▶ EXERCISE INSTRUCTIONS
An exact transcription of all the data is required; the pictures are to be left out.

───── GIVEN MATERIAL

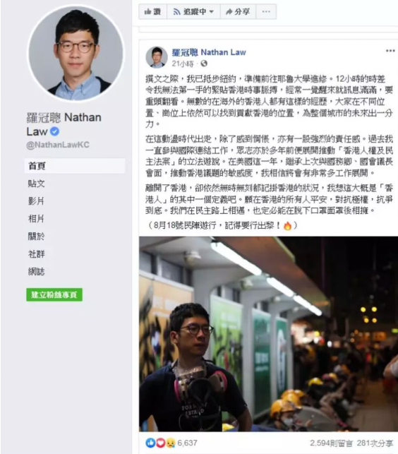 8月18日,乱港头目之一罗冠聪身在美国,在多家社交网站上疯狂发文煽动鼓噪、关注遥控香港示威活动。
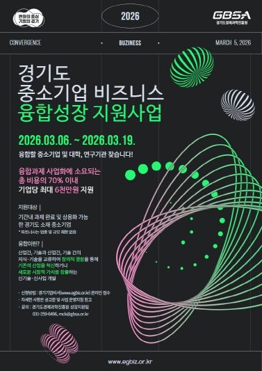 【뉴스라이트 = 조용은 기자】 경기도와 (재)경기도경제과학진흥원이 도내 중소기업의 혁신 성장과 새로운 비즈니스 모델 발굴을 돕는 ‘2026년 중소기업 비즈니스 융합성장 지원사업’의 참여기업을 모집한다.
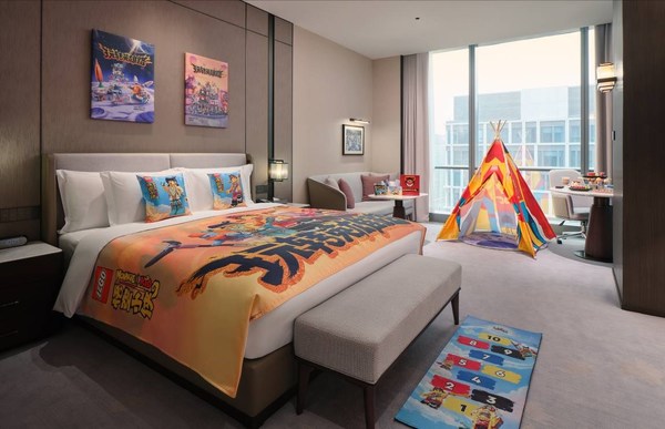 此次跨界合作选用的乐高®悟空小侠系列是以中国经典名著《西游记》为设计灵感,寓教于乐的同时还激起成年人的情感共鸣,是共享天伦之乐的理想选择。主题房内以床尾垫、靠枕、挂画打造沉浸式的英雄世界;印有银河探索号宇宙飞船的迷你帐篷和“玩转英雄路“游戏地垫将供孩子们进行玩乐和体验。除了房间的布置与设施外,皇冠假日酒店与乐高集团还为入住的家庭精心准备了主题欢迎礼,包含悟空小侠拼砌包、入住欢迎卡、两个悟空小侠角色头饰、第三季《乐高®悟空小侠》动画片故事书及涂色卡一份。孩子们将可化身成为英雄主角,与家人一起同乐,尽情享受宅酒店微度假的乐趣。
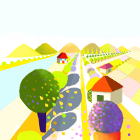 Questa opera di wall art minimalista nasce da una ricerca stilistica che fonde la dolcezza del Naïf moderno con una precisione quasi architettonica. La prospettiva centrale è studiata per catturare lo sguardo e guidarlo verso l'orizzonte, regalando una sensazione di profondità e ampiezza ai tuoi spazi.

──────────

▶ EXERCISE OUTPUT
 8月18日,乱港头目之一罗冠聪身在美国,在多家社交网站上疯狂发文煽动鼓噪、关注遥控香港示威活动。
 【뉴스라이트 = 조용은 기자】 경기도와 (재)경기도경제과학진흥원이 도내 중소기업의 혁신 성장과 새로운 비즈니스 모델 발굴을 돕는 ‘2026년 중소기업 비즈니스 융합성장 지원사업’의 참여기업을 모집한다.
 此次跨界合作选用的乐高®悟空小侠系列是以中国经典名著《西游记》为设计灵感,寓教于乐的同时还激起成年人的情感共鸣,是共享天伦之乐的理想选择。主题房内以床尾垫、靠枕、挂画打造沉浸式的英雄世界;印有银河探索号宇宙飞船的迷你帐篷和“玩转英雄路“游戏地垫将供孩子们进行玩乐和体验。除了房间的布置与设施外,皇冠假日酒店与乐高集团还为入住的家庭精心准备了主题欢迎礼,包含悟空小侠拼砌包、入住欢迎卡、两个悟空小侠角色头饰、第三季《乐高®悟空小侠》动画片故事书及涂色卡一份。孩子们将可化身成为英雄主角,与家人一起同乐,尽情享受宅酒店微度假的乐趣。
 Questa opera di wall art minimalista nasce da una ricerca stilistica che fonde la dolcezza del Naïf moderno con una precisione quasi architettonica. La prospettiva centrale è studiata per catturare lo sguardo e guidarlo verso l'orizzonte, regalando una sensazione di profondità e ampiezza ai tuoi spazi.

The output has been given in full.